- [EXERCISE INSTRUCTIONS]: Restrict the output to the lines below starting at the one that contains "teeth and gums." and ending at the one that contains "Police Dog Training", and restate them word for word, both ends included.

- [RECORDS TO USE]:

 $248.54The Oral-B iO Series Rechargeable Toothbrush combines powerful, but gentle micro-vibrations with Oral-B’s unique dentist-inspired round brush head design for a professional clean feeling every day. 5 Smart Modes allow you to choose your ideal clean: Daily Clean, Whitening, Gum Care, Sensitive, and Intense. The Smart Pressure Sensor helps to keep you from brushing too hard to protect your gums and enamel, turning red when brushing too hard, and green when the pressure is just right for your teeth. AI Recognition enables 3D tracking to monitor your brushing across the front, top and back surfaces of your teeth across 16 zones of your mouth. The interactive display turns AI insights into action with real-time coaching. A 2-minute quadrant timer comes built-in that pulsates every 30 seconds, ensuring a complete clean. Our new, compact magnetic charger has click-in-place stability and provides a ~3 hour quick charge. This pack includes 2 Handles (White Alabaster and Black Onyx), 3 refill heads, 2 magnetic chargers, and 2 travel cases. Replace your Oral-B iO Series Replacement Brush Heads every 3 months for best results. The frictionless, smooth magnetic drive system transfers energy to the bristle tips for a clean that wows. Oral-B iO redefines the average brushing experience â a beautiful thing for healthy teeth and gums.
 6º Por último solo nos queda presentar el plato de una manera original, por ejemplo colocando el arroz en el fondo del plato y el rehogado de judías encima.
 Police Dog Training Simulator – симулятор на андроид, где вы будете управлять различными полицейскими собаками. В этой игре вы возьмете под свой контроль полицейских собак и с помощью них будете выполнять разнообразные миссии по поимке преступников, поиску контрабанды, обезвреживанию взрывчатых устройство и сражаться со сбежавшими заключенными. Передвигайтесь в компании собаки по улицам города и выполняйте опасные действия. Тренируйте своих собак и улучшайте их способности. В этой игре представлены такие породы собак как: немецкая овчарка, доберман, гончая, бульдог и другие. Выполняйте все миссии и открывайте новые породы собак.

...

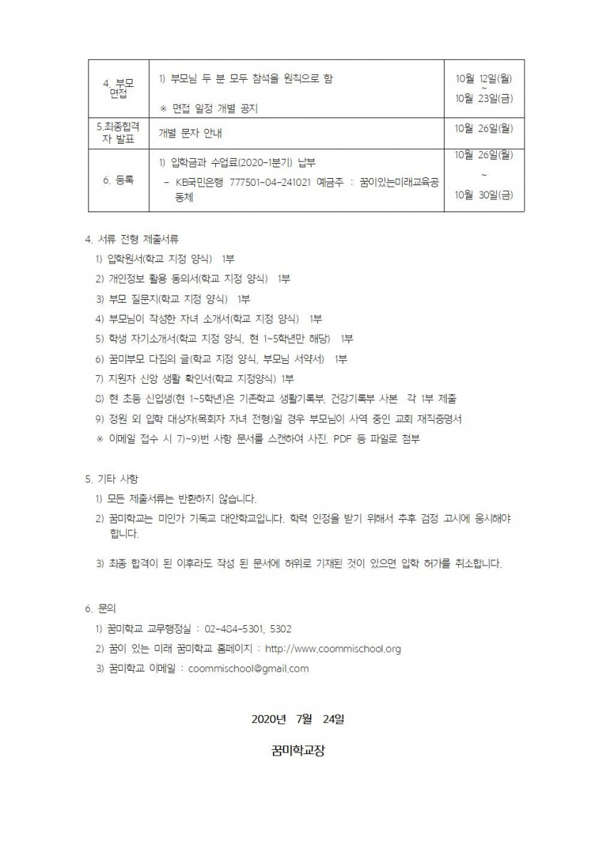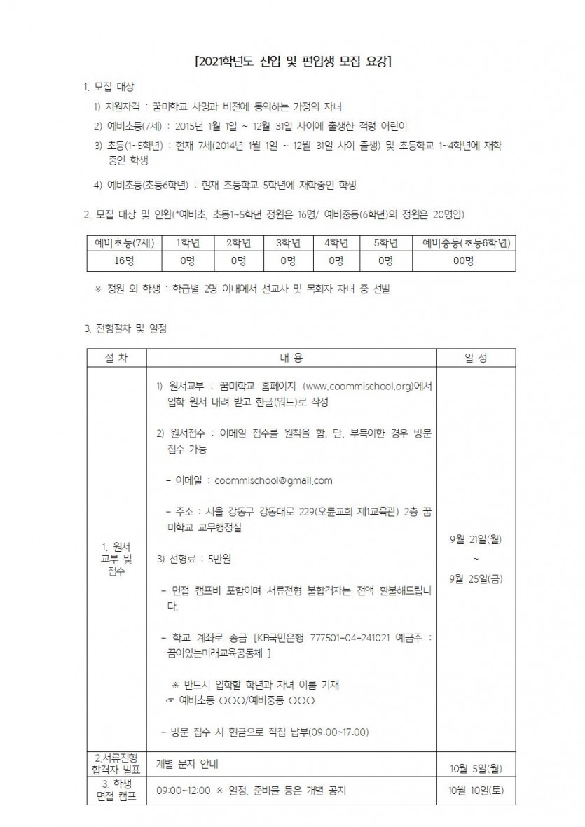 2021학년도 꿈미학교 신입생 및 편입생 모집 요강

- [EXPECTED ANSWER]:
 $248.54The Oral-B iO Series Rechargeable Toothbrush combines powerful, but gentle micro-vibrations with Oral-B’s unique dentist-inspired round brush head design for a professional clean feeling every day. 5 Smart Modes allow you to choose your ideal clean: Daily Clean, Whitening, Gum Care, Sensitive, and Intense. The Smart Pressure Sensor helps to keep you from brushing too hard to protect your gums and enamel, turning red when brushing too hard, and green when the pressure is just right for your teeth. AI Recognition enables 3D tracking to monitor your brushing across the front, top and back surfaces of your teeth across 16 zones of your mouth. The interactive display turns AI insights into action with real-time coaching. A 2-minute quadrant timer comes built-in that pulsates every 30 seconds, ensuring a complete clean. Our new, compact magnetic charger has click-in-place stability and provides a ~3 hour quick charge. This pack includes 2 Handles (White Alabaster and Black Onyx), 3 refill heads, 2 magnetic chargers, and 2 travel cases. Replace your Oral-B iO Series Replacement Brush Heads every 3 months for best results. The frictionless, smooth magnetic drive system transfers energy to the bristle tips for a clean that wows. Oral-B iO redefines the average brushing experience â a beautiful thing for healthy teeth and gums.
 6º Por último solo nos queda presentar el plato de una manera original, por ejemplo colocando el arroz en el fondo del plato y el rehogado de judías encima.
 Police Dog Training Simulator – симулятор на андроид, где вы будете управлять различными полицейскими собаками. В этой игре вы возьмете под свой контроль полицейских собак и с помощью них будете выполнять разнообразные миссии по поимке преступников, поиску контрабанды, обезвреживанию взрывчатых устройство и сражаться со сбежавшими заключенными. Передвигайтесь в компании собаки по улицам города и выполняйте опасные действия. Тренируйте своих собак и улучшайте их способности. В этой игре представлены такие породы собак как: немецкая овчарка, доберман, гончая, бульдог и другие. Выполняйте все миссии и открывайте новые породы собак.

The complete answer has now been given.